Simple measures such as triples or links have little meaning in themselves. Moreover, and this is most telling, all of the LOD relationships in the diagram above and the general nature of linked data to date have based their connections on instance-level data. Often this takes the form that a specific person, place or thing in one dataset is related to that very same thing in another dataset using the owl:sameAs property; sometimes it is that one person knows another person; or, it may be in other examples that one entry has an associated photo. Entities are related to other entities and their attributes, but little is provided about the conceptual or structural relationships amongst those entities.

Instance-level mapping is highly useful to aggregate various attributes or facts about given entities or things. But, they only scratch the surface of the structure that can be made available through linked data and the conceptual relationships between and amongst all of those things. For those relationships to be drawn or inferred a different level of linkages needs to be made: what is the class or collection or schema view of the data.
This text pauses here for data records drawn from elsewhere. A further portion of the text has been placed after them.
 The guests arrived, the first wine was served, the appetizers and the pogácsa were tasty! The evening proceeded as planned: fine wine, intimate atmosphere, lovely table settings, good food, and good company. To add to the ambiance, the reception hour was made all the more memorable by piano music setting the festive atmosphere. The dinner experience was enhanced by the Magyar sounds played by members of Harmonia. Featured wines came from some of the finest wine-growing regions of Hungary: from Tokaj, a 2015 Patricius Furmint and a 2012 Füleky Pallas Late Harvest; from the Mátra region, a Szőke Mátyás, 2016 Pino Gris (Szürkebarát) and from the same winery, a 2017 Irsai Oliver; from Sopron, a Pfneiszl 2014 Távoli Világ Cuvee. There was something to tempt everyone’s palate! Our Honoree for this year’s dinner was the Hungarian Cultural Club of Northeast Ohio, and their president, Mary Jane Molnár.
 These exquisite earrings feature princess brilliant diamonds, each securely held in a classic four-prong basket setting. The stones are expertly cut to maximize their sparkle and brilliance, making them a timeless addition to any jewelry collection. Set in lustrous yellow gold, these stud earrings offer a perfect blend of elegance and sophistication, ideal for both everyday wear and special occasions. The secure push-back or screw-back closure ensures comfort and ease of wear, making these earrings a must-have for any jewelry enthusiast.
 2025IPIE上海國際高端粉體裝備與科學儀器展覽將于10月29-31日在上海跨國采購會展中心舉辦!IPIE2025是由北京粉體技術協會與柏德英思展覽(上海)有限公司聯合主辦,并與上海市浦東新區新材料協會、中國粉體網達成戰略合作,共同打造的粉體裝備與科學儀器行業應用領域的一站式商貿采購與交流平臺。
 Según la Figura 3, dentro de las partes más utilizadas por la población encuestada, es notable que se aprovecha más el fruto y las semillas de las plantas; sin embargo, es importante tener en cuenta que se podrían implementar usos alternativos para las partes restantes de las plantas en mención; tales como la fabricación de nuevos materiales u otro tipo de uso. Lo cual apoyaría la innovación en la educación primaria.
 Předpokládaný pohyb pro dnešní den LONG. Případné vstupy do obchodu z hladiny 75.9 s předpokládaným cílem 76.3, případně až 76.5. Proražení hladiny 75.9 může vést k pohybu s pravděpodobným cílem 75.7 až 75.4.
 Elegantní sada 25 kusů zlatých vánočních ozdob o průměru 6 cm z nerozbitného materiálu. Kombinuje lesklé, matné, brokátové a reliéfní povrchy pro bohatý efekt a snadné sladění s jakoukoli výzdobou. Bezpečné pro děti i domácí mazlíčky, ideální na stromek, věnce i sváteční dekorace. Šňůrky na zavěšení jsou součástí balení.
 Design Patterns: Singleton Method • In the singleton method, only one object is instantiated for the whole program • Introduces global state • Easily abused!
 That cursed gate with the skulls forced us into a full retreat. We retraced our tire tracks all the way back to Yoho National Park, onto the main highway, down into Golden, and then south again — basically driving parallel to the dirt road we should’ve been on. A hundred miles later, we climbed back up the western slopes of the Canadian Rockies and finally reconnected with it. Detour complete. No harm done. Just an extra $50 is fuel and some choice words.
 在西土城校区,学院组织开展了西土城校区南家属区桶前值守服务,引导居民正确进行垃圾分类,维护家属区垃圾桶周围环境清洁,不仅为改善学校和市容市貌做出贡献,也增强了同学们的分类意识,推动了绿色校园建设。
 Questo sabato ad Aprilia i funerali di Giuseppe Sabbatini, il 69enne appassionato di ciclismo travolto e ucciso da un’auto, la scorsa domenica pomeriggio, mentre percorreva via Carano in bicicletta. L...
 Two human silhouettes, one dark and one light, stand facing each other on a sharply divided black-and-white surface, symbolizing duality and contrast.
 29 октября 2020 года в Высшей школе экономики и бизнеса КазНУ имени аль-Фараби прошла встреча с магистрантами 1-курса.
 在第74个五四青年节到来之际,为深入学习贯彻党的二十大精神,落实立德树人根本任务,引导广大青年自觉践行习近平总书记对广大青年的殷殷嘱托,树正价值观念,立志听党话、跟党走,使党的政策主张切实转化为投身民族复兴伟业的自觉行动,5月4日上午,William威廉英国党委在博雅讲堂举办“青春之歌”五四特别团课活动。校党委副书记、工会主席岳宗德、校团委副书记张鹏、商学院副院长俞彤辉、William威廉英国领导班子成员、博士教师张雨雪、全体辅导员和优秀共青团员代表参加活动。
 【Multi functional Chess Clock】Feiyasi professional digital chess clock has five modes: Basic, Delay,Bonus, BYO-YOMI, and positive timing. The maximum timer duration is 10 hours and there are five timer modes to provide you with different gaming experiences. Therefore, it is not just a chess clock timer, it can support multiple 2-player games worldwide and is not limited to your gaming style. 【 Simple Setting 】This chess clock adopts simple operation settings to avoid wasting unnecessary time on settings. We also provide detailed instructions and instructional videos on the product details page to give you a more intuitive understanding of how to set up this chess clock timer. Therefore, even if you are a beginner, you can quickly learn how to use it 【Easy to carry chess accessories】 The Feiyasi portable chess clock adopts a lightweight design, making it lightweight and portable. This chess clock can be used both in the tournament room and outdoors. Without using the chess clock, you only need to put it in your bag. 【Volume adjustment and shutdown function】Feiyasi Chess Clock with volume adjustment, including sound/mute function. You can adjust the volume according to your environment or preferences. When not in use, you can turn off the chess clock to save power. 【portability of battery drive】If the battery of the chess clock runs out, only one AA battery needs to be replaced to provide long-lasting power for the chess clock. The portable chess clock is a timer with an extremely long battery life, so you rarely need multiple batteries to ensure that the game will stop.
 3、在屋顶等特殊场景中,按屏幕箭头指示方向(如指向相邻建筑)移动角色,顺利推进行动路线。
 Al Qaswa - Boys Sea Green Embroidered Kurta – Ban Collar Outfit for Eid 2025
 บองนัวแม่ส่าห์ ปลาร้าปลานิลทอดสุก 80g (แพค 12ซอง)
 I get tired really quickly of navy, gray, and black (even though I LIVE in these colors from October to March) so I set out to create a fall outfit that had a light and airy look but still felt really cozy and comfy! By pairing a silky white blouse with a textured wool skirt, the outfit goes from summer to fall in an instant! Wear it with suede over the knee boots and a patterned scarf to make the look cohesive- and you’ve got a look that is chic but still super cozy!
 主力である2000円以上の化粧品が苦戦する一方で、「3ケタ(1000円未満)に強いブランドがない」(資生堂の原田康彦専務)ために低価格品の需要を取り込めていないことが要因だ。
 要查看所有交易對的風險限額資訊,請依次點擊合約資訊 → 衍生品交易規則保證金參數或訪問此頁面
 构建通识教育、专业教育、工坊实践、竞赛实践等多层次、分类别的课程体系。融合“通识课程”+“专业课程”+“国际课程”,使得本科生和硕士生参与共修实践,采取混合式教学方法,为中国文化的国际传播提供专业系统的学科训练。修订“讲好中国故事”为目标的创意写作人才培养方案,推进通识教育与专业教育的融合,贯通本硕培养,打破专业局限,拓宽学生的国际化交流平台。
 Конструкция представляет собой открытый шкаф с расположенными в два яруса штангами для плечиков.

The UMBEL Subject Concept ‘Backbone’

UMBEL, or similar conceptual frameworks, can provide this structural backbone.

UMBEL (Upper Mapping and Binding Exchange Layer; see http://www.umbel.org) is a lightweight reference ontology of about 20,000 subject concepts and their logical and semantic relationships. The UMBEL ontology is a direct derivation of the proven Cyc knowledge base from Cycorp, Inc. (see http://www.cyc.com).

UMBEL’s subject concepts provide mapping points for the many (indeed, millions of) named entities that are their notable instances. Examples might include the names of specific physicists, cities in a country, or a listing of financial stock exchanges. UMBEL mappings enable us to link a given named entity to the various subject classes of which it is a member.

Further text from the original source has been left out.